PROBLEM: Exactly the lines from the one with "项目的厨房采用金属框+艺术玻璃移门,推拉丝滑颜值颇高!" to the end of the data below should be set down, and no others.

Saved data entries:
>>>>
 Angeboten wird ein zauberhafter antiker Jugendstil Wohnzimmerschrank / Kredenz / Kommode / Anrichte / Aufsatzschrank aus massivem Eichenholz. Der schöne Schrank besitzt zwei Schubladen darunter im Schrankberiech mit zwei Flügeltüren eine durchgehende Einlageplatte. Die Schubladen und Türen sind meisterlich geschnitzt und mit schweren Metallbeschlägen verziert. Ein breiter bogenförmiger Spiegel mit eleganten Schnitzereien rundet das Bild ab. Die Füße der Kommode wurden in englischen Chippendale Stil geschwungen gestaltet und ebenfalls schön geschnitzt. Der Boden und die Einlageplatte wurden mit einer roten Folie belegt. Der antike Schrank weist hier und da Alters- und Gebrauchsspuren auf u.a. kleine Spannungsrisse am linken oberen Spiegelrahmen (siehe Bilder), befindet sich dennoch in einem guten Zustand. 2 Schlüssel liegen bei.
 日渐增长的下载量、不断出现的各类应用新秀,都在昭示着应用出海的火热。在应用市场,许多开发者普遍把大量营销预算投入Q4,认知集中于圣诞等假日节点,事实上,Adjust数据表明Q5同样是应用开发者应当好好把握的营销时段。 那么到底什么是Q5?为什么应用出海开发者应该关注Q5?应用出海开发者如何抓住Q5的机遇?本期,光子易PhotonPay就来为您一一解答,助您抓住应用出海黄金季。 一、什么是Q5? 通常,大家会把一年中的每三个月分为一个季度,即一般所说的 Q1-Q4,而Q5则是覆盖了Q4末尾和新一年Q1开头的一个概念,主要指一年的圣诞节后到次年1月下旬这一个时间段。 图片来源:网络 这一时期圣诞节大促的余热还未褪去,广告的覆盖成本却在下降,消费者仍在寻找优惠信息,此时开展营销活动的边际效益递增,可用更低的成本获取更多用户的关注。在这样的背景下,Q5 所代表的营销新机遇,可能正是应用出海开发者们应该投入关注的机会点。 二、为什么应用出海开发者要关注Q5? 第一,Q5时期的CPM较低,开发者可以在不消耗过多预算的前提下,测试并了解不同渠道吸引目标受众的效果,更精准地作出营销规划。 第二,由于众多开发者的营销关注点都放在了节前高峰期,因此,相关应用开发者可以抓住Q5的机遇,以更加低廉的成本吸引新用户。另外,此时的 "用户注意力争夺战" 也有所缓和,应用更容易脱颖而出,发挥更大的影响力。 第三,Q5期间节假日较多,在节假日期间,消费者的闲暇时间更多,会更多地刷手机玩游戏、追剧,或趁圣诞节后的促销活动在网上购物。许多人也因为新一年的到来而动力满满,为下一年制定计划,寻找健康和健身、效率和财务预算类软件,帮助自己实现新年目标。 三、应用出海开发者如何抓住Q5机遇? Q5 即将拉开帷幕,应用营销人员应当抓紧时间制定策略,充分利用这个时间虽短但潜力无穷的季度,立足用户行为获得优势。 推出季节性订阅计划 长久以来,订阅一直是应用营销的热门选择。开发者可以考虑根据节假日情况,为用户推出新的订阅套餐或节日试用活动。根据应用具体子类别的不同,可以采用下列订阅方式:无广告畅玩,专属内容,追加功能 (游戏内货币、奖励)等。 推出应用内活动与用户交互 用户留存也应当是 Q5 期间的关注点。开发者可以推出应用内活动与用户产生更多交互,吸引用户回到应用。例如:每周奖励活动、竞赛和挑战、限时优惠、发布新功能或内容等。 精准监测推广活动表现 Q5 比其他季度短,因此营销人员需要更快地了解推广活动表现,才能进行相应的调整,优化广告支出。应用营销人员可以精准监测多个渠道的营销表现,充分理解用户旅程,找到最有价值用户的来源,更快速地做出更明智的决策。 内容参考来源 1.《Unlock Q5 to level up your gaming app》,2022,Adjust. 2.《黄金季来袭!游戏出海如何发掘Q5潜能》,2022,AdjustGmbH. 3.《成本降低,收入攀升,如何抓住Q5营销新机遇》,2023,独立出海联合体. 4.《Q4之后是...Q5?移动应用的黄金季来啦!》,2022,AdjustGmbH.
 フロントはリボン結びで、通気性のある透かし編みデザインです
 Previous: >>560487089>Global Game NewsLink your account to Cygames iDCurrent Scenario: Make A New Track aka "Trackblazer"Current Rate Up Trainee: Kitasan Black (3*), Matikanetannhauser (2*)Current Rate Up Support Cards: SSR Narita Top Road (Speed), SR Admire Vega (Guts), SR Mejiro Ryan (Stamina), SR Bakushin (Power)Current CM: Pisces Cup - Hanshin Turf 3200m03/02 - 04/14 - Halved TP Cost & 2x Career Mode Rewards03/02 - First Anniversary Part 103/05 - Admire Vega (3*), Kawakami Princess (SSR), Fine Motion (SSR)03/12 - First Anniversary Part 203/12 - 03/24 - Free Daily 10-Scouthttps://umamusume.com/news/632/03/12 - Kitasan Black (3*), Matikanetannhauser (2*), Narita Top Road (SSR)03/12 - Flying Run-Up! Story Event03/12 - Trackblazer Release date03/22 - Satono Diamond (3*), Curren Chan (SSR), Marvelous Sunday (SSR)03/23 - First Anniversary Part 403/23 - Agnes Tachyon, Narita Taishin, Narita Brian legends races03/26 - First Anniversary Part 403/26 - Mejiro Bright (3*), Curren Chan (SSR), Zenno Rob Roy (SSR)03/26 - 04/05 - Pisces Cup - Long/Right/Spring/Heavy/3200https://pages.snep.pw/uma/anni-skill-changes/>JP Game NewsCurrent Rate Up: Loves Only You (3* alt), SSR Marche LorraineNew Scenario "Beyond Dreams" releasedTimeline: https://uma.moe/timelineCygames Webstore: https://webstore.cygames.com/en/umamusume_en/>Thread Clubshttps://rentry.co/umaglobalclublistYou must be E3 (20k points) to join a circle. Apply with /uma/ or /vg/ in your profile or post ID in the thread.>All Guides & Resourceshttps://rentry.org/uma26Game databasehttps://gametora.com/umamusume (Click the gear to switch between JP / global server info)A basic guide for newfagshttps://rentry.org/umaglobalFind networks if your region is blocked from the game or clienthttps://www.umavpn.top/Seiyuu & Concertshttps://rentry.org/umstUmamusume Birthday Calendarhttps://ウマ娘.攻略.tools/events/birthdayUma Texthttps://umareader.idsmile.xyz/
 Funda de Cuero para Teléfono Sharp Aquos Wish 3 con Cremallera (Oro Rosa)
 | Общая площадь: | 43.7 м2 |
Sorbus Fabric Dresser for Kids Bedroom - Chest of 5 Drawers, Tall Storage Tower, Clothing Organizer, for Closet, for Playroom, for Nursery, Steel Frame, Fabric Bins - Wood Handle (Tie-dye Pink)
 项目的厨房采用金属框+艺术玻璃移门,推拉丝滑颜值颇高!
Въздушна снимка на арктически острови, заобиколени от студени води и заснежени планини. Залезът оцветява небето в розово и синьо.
<<<<
WRITTEN RESPONSE:
 项目的厨房采用金属框+艺术玻璃移门,推拉丝滑颜值颇高!
Въздушна снимка на арктически острови, заобиколени от студени води и заснежени планини. Залезът оцветява небето в розово и синьо.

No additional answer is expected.